Family of flowering plants

Apiaceae (/ˌeɪpi'eɪsi.iː, -ˌaɪ/), also called Umbelliferae, is a family of mostly aromatic flowering plants named after the type genus Apium, and commonly known as the celery, carrot, or parsley family, or as umbellifers. It is the 16th-largest family of flowering plants, with more than 3,800 species in about 446 genera, including such well-known, and economically important plants as ajwain, angelica, anise, asafoetida, caraway, carrot, celery, chervil, coriander, cumin, dill, fennel, lovage, cow parsley, parsley, parsnip and sea holly, as well as silphium, a plant whose exact identity is unclear and which may be extinct.
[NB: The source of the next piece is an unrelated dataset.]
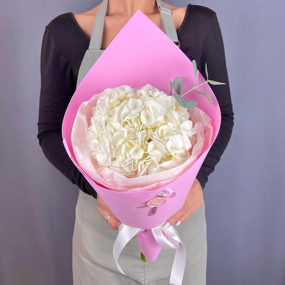 Невероятный букет с гортензией и эвкалиптом❤️ Станет классным подарком на день рождения, юбилей, свадьбу, помолвку, а также приятным сюрпризом без повода😇 Букет подойдёт в подарок для любимой женщины, мамы, бабушки, коллеги, учителя, делового партнера или же подруги • КЭШБЭК 5% с каждой покупки бонусами; • Молниеносная доставка; • Всегда свежие цветы за счет прямых поставок каждые 2 дня; • Быстрая сборка букетов от 10 минут; • Удобрение для цветов к каждому заказу; Советы по уходу: ⁃ Перед тем, как поставить цветы в холодную воду, стебли необходимо подрезать на 1 см под острым углом; ⁃ Менять воду необходимо каждые два дня; ⁃ Цветы хорошо себя чувствуют в прохладном месте, вдали от отопительных приборов, сквозняков и солнечных лучей; ⁃ Сухие и увядающие листья и бутоны необходимо удалять, так как они поглащают питательные вещества; ⁃ Композицию в коробке/корзине/лукошке так же необходимо поливать раз в два дня, в центр достаточно подлить 1/2 стакана прохладной воды🙏🏻 Будем рады принять Ваш заказ и подарить Вам незабываемые эмоции🥰
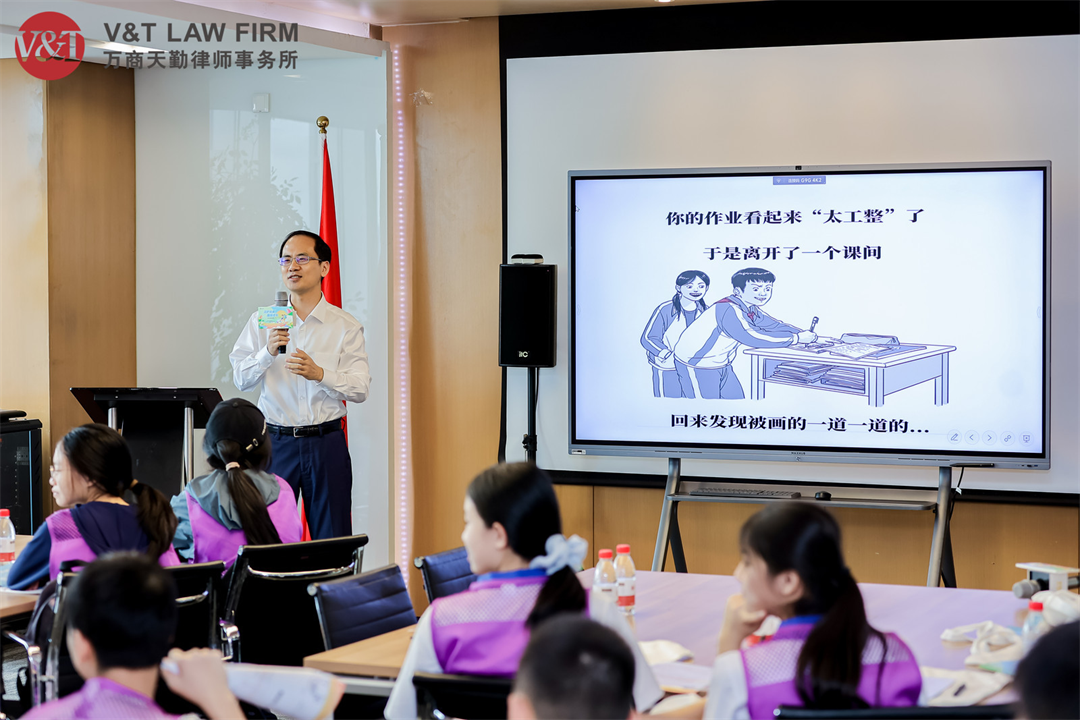 在普法课堂环节,深圳办公室执委、合伙人陈彤律师聚焦校园欺凌,以“情境漫画+实时白板”双轨教学,引导学生识别语言侮辱、社交孤立、肢体暴力等多种形态,解析其根源与危害,并梳理相关法律界定与责任边界。最后,他寄语同学们:“做一个善良的人,不欺凌他人;做一个勇敢的人,面对欺凌敢于说‘不’;做一个智慧的人,善用法律保护自己和他人。”

The family Apiaceae also includes a significant number of phototoxic species, such as giant hogweed and parsnip, alongside a smaller number of deadly toxic paralytic species, such as poison hemlock, water hemlock, spotted cowbane, fool's parsley, and various species of water dropwort.

== Description ==
Most Apiaceae are annual, biennial or perennial herbs, and frequently have their leaves aggregated toward the base; a minority are woody shrubs or small trees such as Bupleurum fruticosum. Their leaves are of variable size, and alternately arranged, or with the upper leaves becoming nearly opposite. The leaves may be petiolate or sessile. There are no stipules but the petioles are frequently sheathing, and the leaves may be perfoliate. The leaf blade is usually dissected, ternate, or pinnatifid, but simple, and entire in some genera, e.g. Bupleurum. Commonly, their leaves emit a marked smell when crushed, aromatic to fetid, but absent in some species.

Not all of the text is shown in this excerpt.